Dr. Opoku Ware Ampomah — Chief Executive Officer, Korle Bu Teaching Hospital
Dr. Opoku Ware Ampomah — Chief Executive Officer, Korle Bu Teaching Hospital

Gas explosion accounts for 35% burns cases at Korle Bu

Thirty-five per cent of burns cases on admission to Korle Bu Teaching Hospital are caused by gas explosions, the Chief Executive Officer (CEO) of the hospital, Dr Opoku Ware Ampomah, has disclosed. 


He said those cases of burns occurred due to improper use of domestic liquified petroleum gas (LPG).

He said even though domestic LPG cylinders were not supposed to be kept indoors, it had been proved that members of the public usually kept them indoors.

He said what was even worse was when people put stones on the regulator instead of servicing them properly in case of leakages.

Dr Ampomah said this as a call to action for domestic fire safety and paediatric burn prevention campaign initiated by the Public Health Alliance International Ghana (PHAIG).

The campaign, among others, is aimed at reducing the incidence of paediatric burns, promoting awareness of child safety and paediatric burn management, as well as raising funds to support paediatric burns patients in the country.

Dr Ampomah also urged the public to be careful with their electrical gadgets, especially now that the country was experiencing frequent power outages, explaining that sometimes, those frequent power surges could cause domestic fires and put people’s lives in danger.

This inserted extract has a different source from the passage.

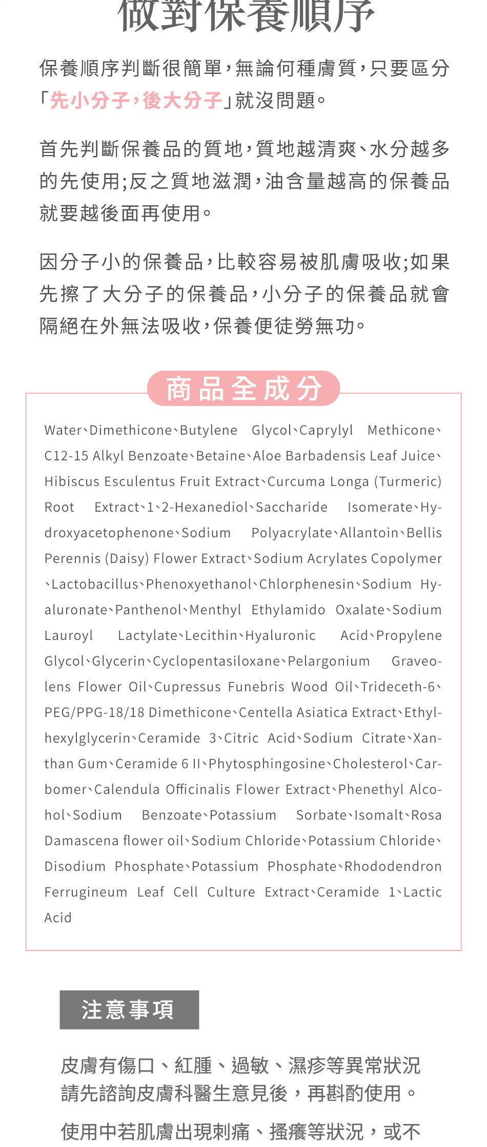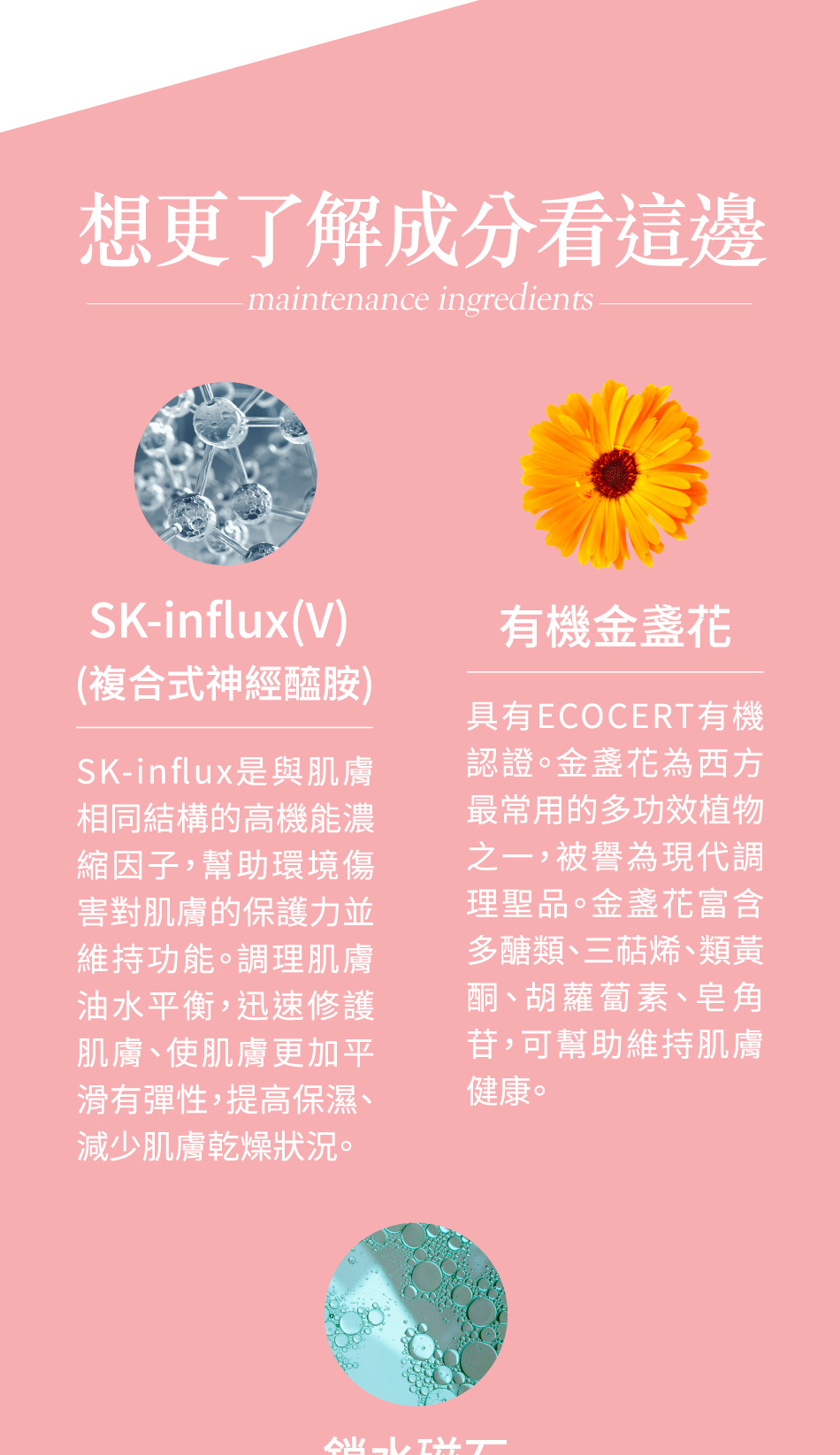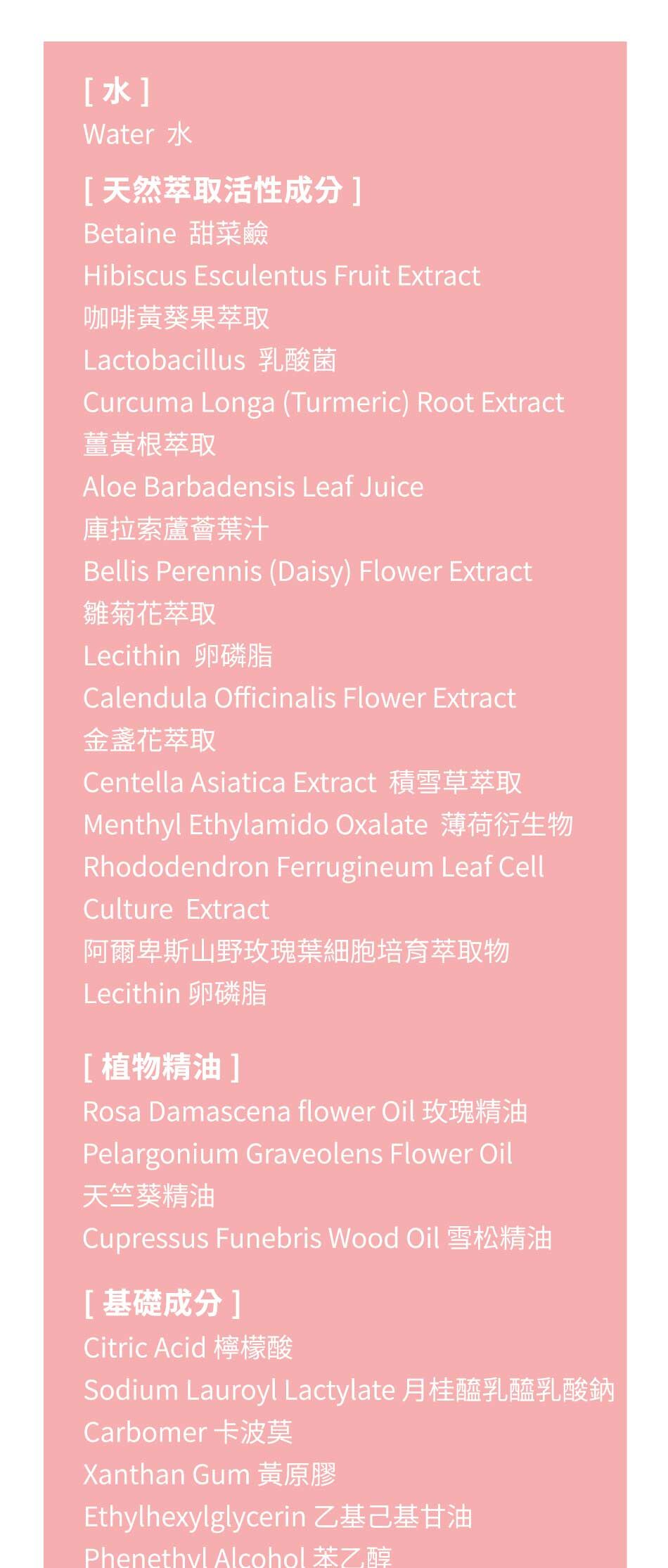 主要包含阿爾卑斯山玫瑰細胞精華、雛菊萃取、積雪草萃取、有機金盞花、鎖水磁石;保濕精華成分包含神經醯胺、玻尿酸等多種精華成分。

Describing injury from burns as one of the most significant traumatic but largely preventable incidents an individual could experience. He said 80 per cent of the incidents were due to some form of carelessness on the part of the victims or caregivers in the case of children, and, therefore, stressed the need for the country to put in place both primary and secondary preventive strategies.

Those strategies, which he said had helped other high-income countries, were personal education, enforcing building regulations, including design, and ensuring that public buildings had compartmentation so that in the event of fire, it would not be able to spread to other rooms, among other strategies.

He also talked about the need for people to change or check the wiring in their homes.

He said burns accounted for about 300,000 deaths around the world every year, pointing out that whereas in the developed world mortality from burns was about 0.8 per 100,000 population, that of other parts of the world was 10.3 per 100,000 population.

He said aside from the fact that people could lose their lives from burns, for those who survived, it could cause disfiguring, especially in the face, which led to stigmatisation.


Furthermore, he said burns could cause loss of vision and difficulty in breathing when it occurred around the nose, and the scars were prone to forming cancers 10 or more years after the injury.

For females who suffer injuries on their chests, Dr Ampomah explained that at puberty, because their scarred skin could not contain their growth, they would have to undergo surgery to enable their breasts to develop.

In Ghana, Dr Ampomah said a look at epidemiology showed that over 50 per cent of burns occurred in children, with the commonest cause being hot liquids either in the kitchen or bathroom.

He, therefore, called for the kitchen to be out of bounds for children, adding that it should not be a play area for them.

He mentioned things that predisposed children to burns to include placing hot liquids on a table that had table cloth and placing liquid chemicals such as acid in open places where children could easily access them.

The Chief Executive Officer of Atlantic Life Sciences Limited, Dhananjay Tripathi, said one of the glaring challenges faced by burns patients was the difficulty in obtaining the best and most appropriate treatment, adding that in many cases, the expertise and resources required for optimal care might be scarce, leading to suboptimal outcomes and prolonged suffering.


The Vice President of PHAIG, Dr Samuel Nuamah, said the budget for the campaign was projected at $1,524,153.19, adding that the strategic roadmap for the campaign which was in phases, included stakeholder engagement and research, training workshops and research, nationwide publicity and awareness, support to burn victims, and project evaluation and research.